EMERGE Reports Full Year 2023 and Q4 Results
- Annual Revenue of $23.8M compared to $27.6M in 2022, when excluding eliminated revenue from U.S. operations and trading (revenue in 2022 of $31.7M prior to exclusion of these items)
- Annual Gross Margin of 50% compared to 44% in 2022
- Annual Adjusted EBITDA1 of $1.14M compared to $1.13M in 2022
- Annual Cash Flow from Operations of $2.0M compared to $1.1M in 2022
- Q4 Revenue of $6.2M compared to $7.8M in Q4 2022 when excluding eliminated revenue from U.S. operations and trading
- Q4 Adjusted EBITDA1 of $0.5M compared to $0.3M in Q4 2022
- 2023 results include WholesalePet which has subsequently been sold in Q1 2024
- Senior credit facility was reduced to $5.85M from $15.85M in Q1 2024, and from $25M originally
TORONTO, April 29, 2024 /CNW/ – EMERGE Commerce Ltd. (TSXV: ECOM) ("EMERGE" or the "Company"), a premium e-commerce brand portfolio, today announced results for its three and twelve months ended December 31, 2023. Copies of the Annual Financial Statements and MD&A are available on the Company's profile on SEDAR at www.sedar.com.

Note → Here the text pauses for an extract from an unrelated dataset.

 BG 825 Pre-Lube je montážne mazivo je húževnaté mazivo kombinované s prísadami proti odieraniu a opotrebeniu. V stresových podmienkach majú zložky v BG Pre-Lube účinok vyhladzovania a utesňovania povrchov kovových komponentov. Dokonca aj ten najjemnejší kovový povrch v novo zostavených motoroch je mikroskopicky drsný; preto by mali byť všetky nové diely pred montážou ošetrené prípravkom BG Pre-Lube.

"2023 was a foundational year for us to paydown debt and significantly reduce interest expense which has been a drag on our cash flow in the current interest rate environment. Over the last year or so, through a series of transactions, we have taken aggressive steps to reduce our senior credit facility to $5.85M down from $25M originally, and in the process, also eliminate the vast majority of deferred consideration owed to brands. While there is still more work to be done, we are pleased with our debt reduction efforts to date. This in turn, allows us to double down on truLOCAL, our strategic premium meat subscription business, as well as our golf vertical, where we are seeing good momentum lately. Operationally, we achieved strong growth in Adjusted EBITDA, particularly in Q4 2023, drove much improved gross margins, and nearly doubled positive cash flow from operations for the year. We believe the go forward business is in a good position to start driving organic growth in 2024 and beyond, with more streamlined operations and focused management efforts," commented Ghassan Halazon, Founder and CEO, EMERGE.
2023 Financial Highlights
- Revenue of $23.8M in 2023 compared to $27.6M in 2022, when excluding eliminated revenue from U.S. operations and trading (revenue of $31.7M prior to exclusion of these items)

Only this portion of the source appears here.